++++ RECORDED DATA
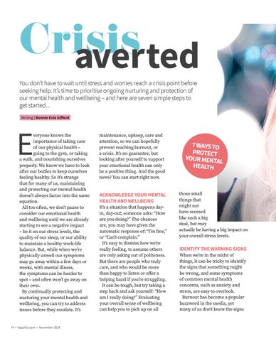 You don’t have to wait until stress and worries reach a crisis point before seeking help. It’s time to prioritise ongoing nurturing and protection of our mental health and wellbeing – and here are seven simple steps to get started... Writing | Bonnie Evie Gifford
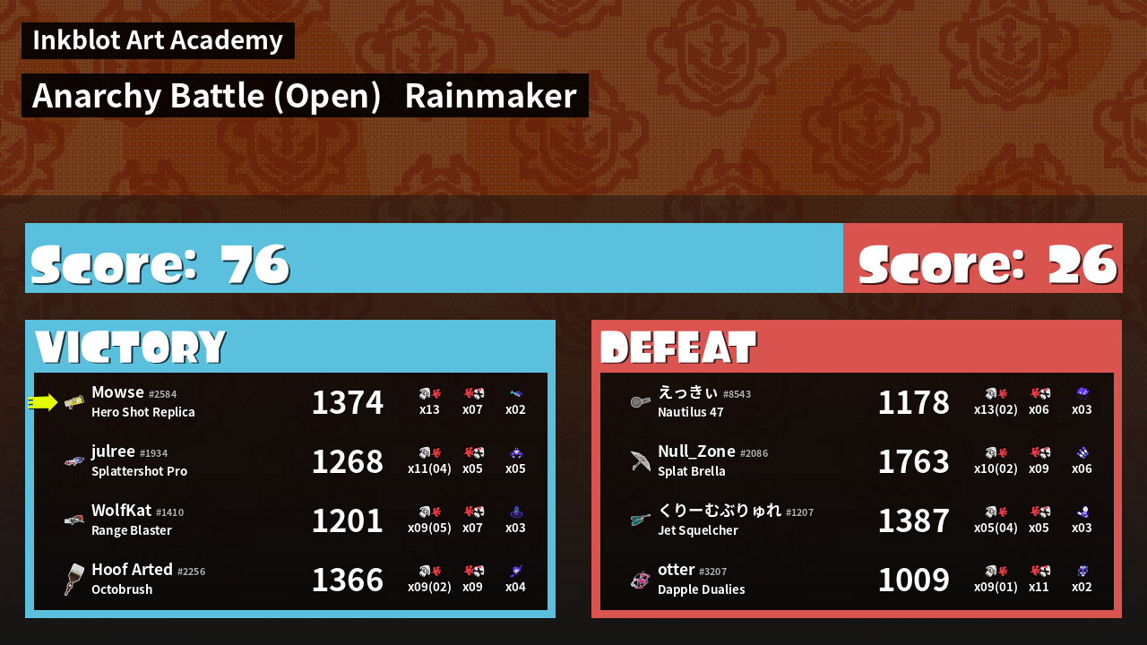 Kills / Deaths | 13 + 0 / 7 > Kill Ratio: 1.86 | ||
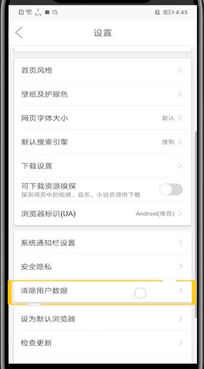4、点击清除用户数据
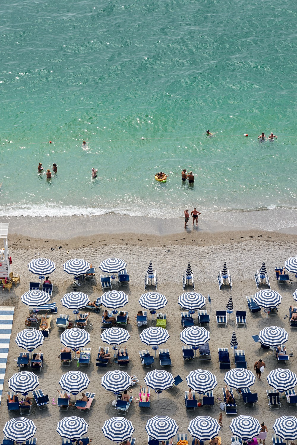 A classic Italian beach club on an August afternoon, with aquamarine colors of the Mediterranean contrasting with the navy blue of the beach umbrellas.
++++++++
**WHAT THE TASK REQUIRES**
The listing above, line by line: print it exactly, but not its pictures.

**SOLUTION FOR THIS PROBLEM**
 You don’t have to wait until stress and worries reach a crisis point before seeking help. It’s time to prioritise ongoing nurturing and protection of our mental health and wellbeing – and here are seven simple steps to get started... Writing | Bonnie Evie Gifford
 Kills / Deaths | 13 + 0 / 7 > Kill Ratio: 1.86 | ||
4、点击清除用户数据
 A classic Italian beach club on an August afternoon, with aquamarine colors of the Mediterranean contrasting with the navy blue of the beach umbrellas.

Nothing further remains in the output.